For close to a century, peasants in the Philippines have been organizing to defend their lands from being grabbed by foreign agribusiness corporations. However, this struggle for land and livelihood in rural areas has intensified over the past five years, as a race to establish plantations of “green oases” for agrofuel development and agro-industrial crops for export has been initiated by foreign companies from Japan, South Korea, China and the Arab world. Communities of small farmers, fisherfolk and indigenous people are being displaced, while food insecurity and hunger are increasing—particularly amongst marginalized rural populations. The ecological balance of forests, watersheds and grasslands and the associated natural buffering system against climate change are all being undermined in this process.
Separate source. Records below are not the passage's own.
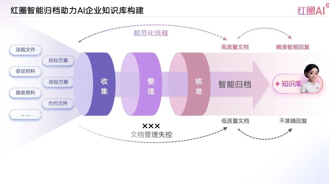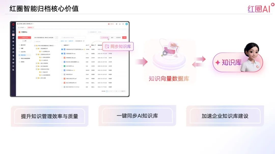 通過精準分類、統(tǒng)一歸集、秒級同步,紅圈AI幫助企業(yè)在最短時間、最低成本內(nèi)構建企業(yè)級知識體系,實現(xiàn)知識管理智能化、資產(chǎn)化、標準化。
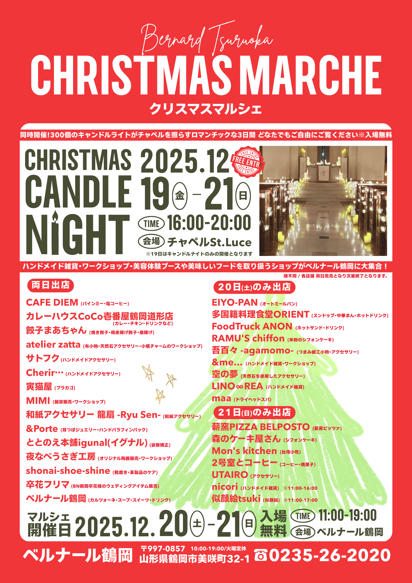 【山形イベント情報12/19-21】キャンドルナイト&Xmasマルシェ(鶴岡市)
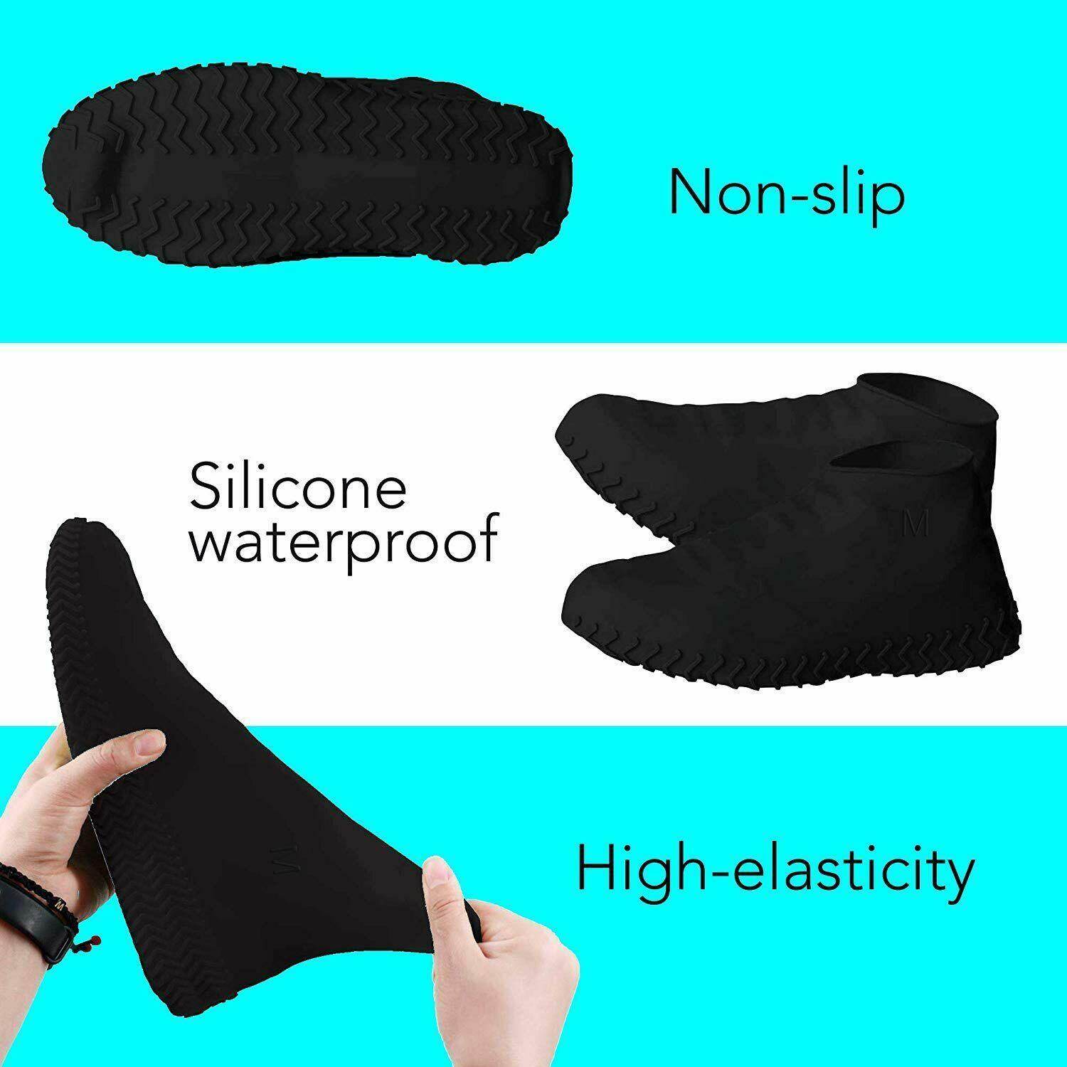 Waterproof Boot Shoe Cover Reusable Non Slip Rain Snow Overshoe Foldable Galoshes Silicone - Black
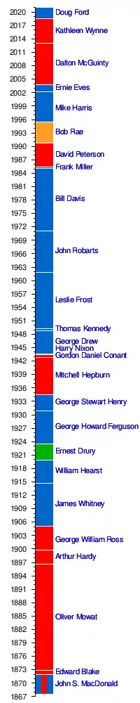 This article only covers the time since the Canadian Confederation was created in 1867. For the premiers of Canada West from 1840 to 1867, see List of joint premiers of the Province of Canada.

Yet, despite widespread public concern, these foreign land acquisitions are taking place under a veil of secrecy and with the complicity of influential international institutions, elected officials and national government mandated agencies. In order to investigate an urgent and ongoing case of land grabbing that has been prompted by the development of an 11,000 hectare agrofuel project in San Mariano, an upland municipality in the Isabela province of the Philippines, an international fact finding mission was conducted by the People’s Coalition on Food Sovereignty and IBON International, in collaboration with the Asian Peasant Coalition and Kilusang Magbubukid ng Pilipinas, upon the request of the local organization of small-scale farmers, Danggayan Dagiti Mannalon ti Isabela, with the support of Action Solidarité Tiers Monde.

Through interviews with local peasants, indigenous people, representatives of civil society organizations, government officials and corporate spokespeople, the IFFM helped to provide a contextualized understanding of some of the devastating impacts of foreign land acquisitions on affected communities of small food producers in the Philippines. The findings of this research demonstrate that after only acquiring 3,000 hectares of land, the Japanese- Filipino consortium of companies backing the San Mariano bio-fuel project, Green Future Innovations Inc., is already exacerbating land grabbing conflicts and socio-economic inequities as well as undermining food self-sufficiency by:

  • advancing claims that lands rightfully cultivated by peasants and recognized as indigenous peoples’ ancestral territories are available for conversion into sugar cane plantations;
  • engaging in non-transparent lease negotiations that result in lands being grabbed from the people who till the soil;
  • promoting flagrant violations of contractual commitments under the Socialized Industrial Forestry Management Agreements by facilitating the growing of sugar cane on these lands;
  • leasing land from peasants through exploitative contracts which offer compensation at a substantially lower rate than would be earned if they continued to cultivate the land and sell their produce of rice, corn and bananas at local markets;
  • threatening the food security and the livelihoods of farm workers who are now planting sugar cane under highly exploitative conditions; and
  • aggravating environmental devastation and destroying the natural climate change mitigation capacities of local ecosystems.

Overall, the intensified land conflicts and food insecurity caused by foreign land acquisitions as revealed in this report are indicative of the situation of rural peoples across the Philippines who are confronting land grabbing and the corresponding threats to their rights to land, livelihood and life.